Corks will pop no more for bottled stout drinkers, and patrons of one Drogheda pub are up in arms as Guinness will replace corks with metal crown caps. 

In the 1960s there were still publicans in Ireland who bottled Guinness from the keg on their own premises, with a hand corking machine.  

Kegs of Guinness were delivered to the pub from the brewery. The stout was then bottled, and sealed using a hand corking machine. Guinness labels bearing the publican’s name and address were then pasted onto the bottles, and the bottles remained in the pub cellar for fourteen days to ‘bring on’ the stout.

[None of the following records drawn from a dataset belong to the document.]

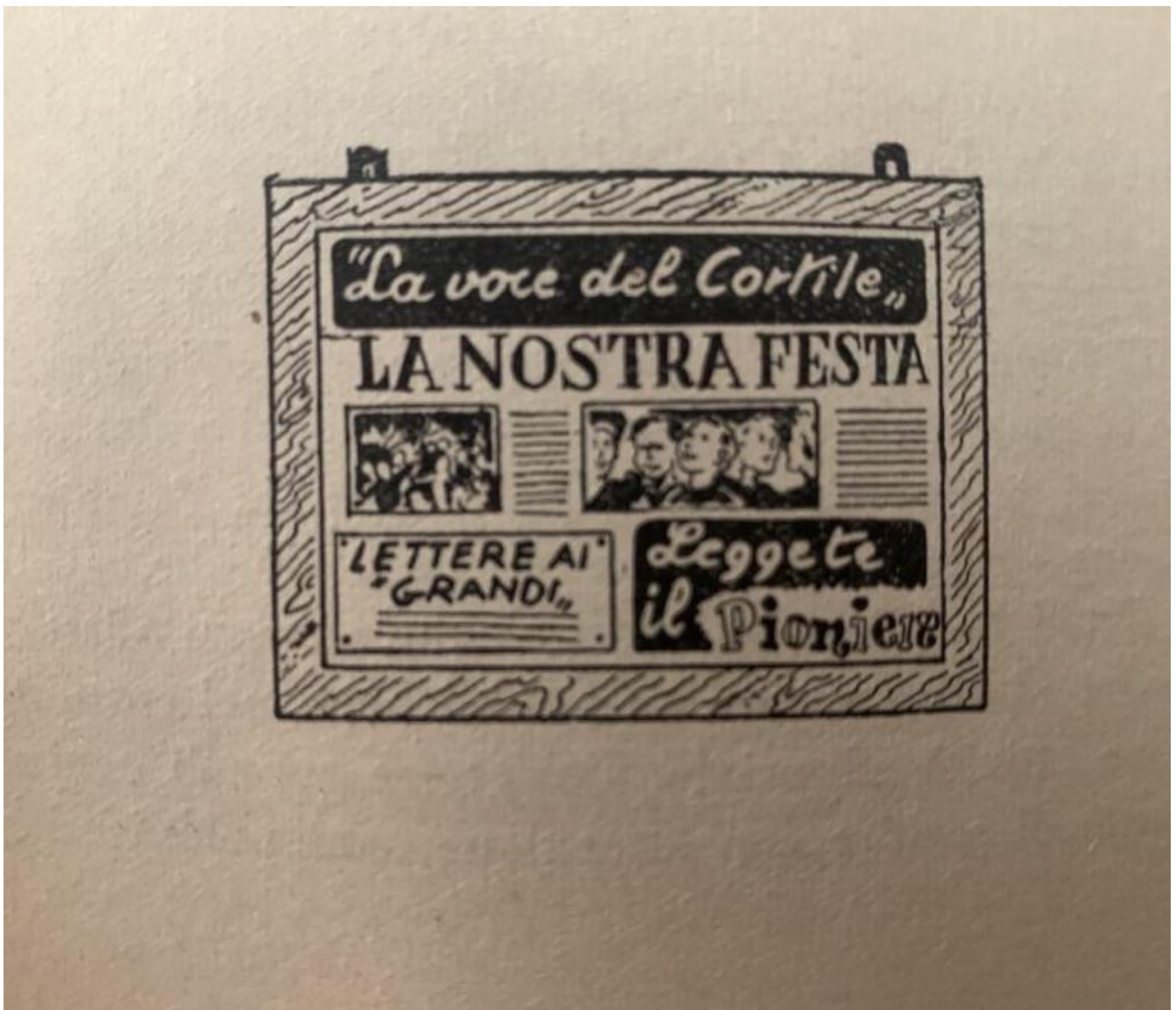
Esempio di giornale murale, dal "Manuale del pioniere".

attraverso le realizzazioni sociali e civili, ma anche con la cultura e un'organizzazione diversa della vita, che mettesse l'individuo e la società e non il profitto al centro. Quel libro e gli altri in case che una volta erano di poveri braccianti analfabeti o con poca scuola racconta lo stesso impegnato compitare le lettere dell'alfabeto per imparare a leggere e a scrivere, e il susseguente conoscere e ragionare, di cui parla Giuseppe Di Vittorio. Racconta un'Italia che voleva staccarsi da servitù ancestrali anche con l'istruzione, la conoscenza. Ecco, il Manuale lo colloca in questo quadro, come riflessione su un'educazione diversa dei futuri cittadini.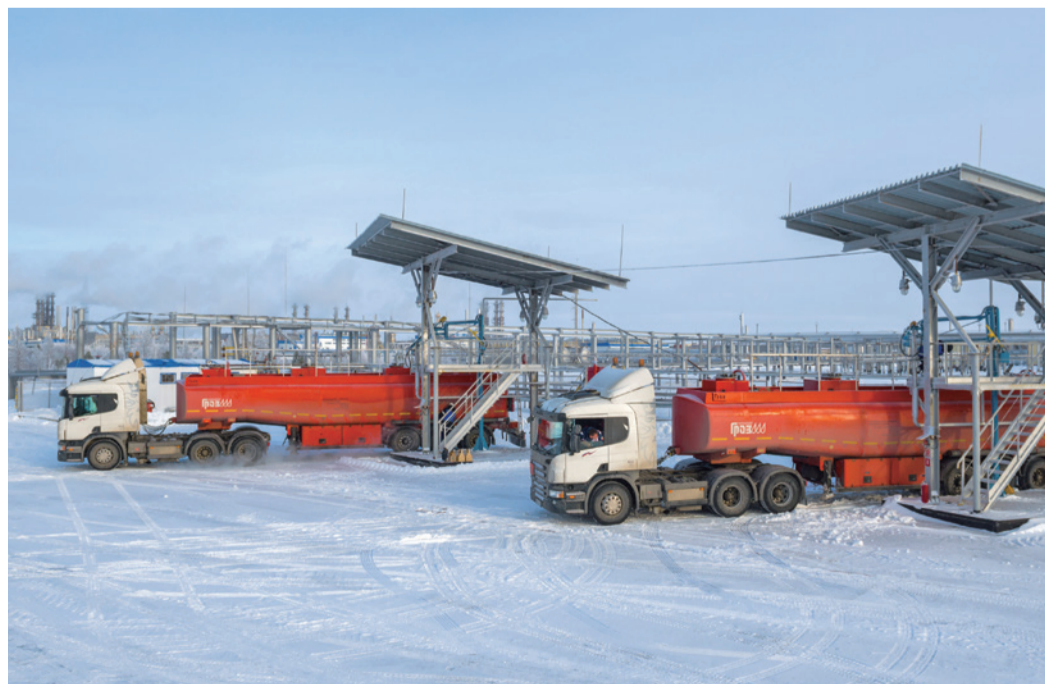
Наливная эстакада Завода по подготовке конденсата к транспорту. Отгрузка топлива для реактивных двигателей марки ТС-1.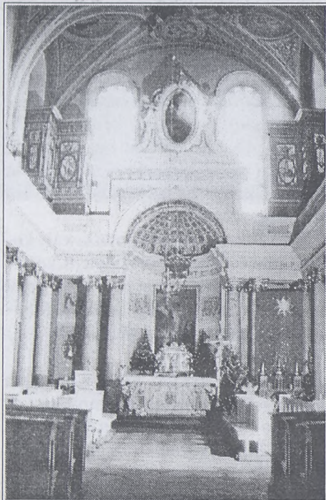
Prezbiterium kościoła Siostr Norbertanek.

Ołtarz główny kościoła Norbertanek stanowi integralną część architektonicznego wystroju wschodniej części świątyni. Obecne prezbiterium wzniesione zostało w latach 1593-1604, w ramach przebudowy całego kościoła, staraniem ówczesnej ksieni Doroty Kątskiej. W czasie następnego gruntownego remontu, przeprowadzonego w latach 1775-1782 z inicjatywy ksieni Magdaleny Otwinowskiej istotnej zmianie uległa dolna część prezbiterium.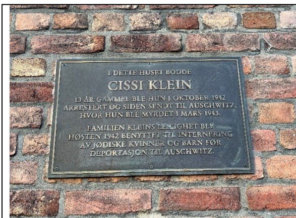
Plakett på veggen på Hans Hagerups gate 5

På bygården er det satt opp en plakett. Den var Trondheim bys første offentlige minnesmerke over jødiske ofre under andre verdenskrig.

This dedicated and reliable craft will soon vanish into the mists of history. Guinness maintains that corks are unhygienic, and want to have greater control over the quality of their product.  

A 31 March deadline is approaching and publican Pat O’Hagan and his customers are not pleased. A petition to keep the corks where they claim they belong has been started. Pat O'Hagan believes corks are far superior to crown caps. The more exclusive sector of the drinks industry has no problem with them,

If it’s unhygienic, why do they use it in champagne, why not put a cap instead of a cork?  Answer me that one?

The committed drinkers of Pat O’Hagan’s bottled Guinness will have a major dilemma on their hands.  One man is not willing to change over,

I wouldn’t go into a public house unless there was a cork bottle in it.

According to one lady who is enjoying her glass of Guinness, there is a difference,

I’d sooner have a cork bottle any time...because it tastes better, tastes smoother...

Reporter Colin Bird and patrons in O'Hagan's Pub (1969)
Colin Bird and patrons in O'Hagan's Pub (1969)

Is there really a difference?  One pub regular and bottled Guinness connoisseur, Mr Clinton, is brave enough to undertake a blind taste test for the camera, and correctly identifies the crown cap bottle.  He describes what stood out for him, 

The tin top is casky, to my palette anyhow.

How will Mr Clinton manage when crown caps are the norm?  The radical idea of giving up drink altogether is being considered, 

Maybe I’ll join Father Matthew.

This episode of Newsbeat was broadcast on 4 February 1969.  The reporter is Colin Bird.